Lower income earners were more concerned across all financial stress metrics. Stress also remains highest for the unemployed and for residents in NSW and VIC.

For some Australians, savings have gone up during the pandemic as there have been less opportunities to spend in some areas. In particular, higher-income groups appear to have accumulated more savings than in previous years.

For those in a lower income bracket, a drop in income has caused savings to decline and debt to rise. In Q2, in net balance terms, savings fell for 45% of low-income earners and debt rose for 10%.

This compares to just 3% of high-income earners who saw their savings fall, while debt levels fell rather than rose for 19%. Loans from family and friends contribute most to debt stress, followed by pay day loans.

Financial hardship rising & interest in homeownership falling

The number of people who experienced some form of financial hardship also rose (for the third straight quarter), particularly among lower income earners and the unemployed. Financial hardship remains highest for Australians who lost their main source of income because of COVID.

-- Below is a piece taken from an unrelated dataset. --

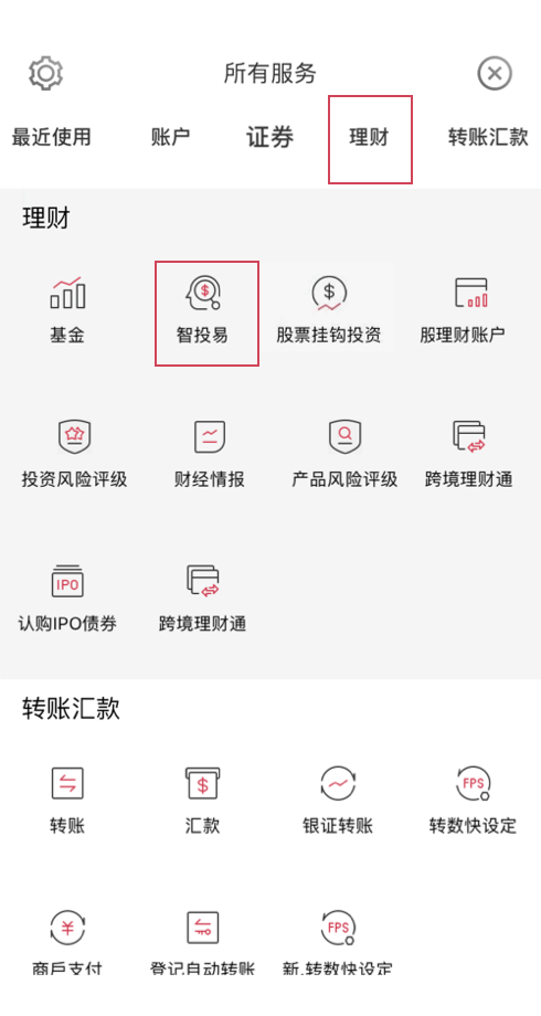 1. 打开「一点通」,点击「全部」 –「理财」 ,选择 「智投易」服务(「智投易」)。

Not having enough money for an emergency is the most common cause of hardship. With house prices continuing to rise, the number of Australians who thought now was a good time to buy a home fell, along with intentions to buy over the next year.

Financial stress can impact mental health by creating anxiety and uncertainty in people’s lives. This can create a vicious cycle impacting their ability to take action to improve their financial wellbeing.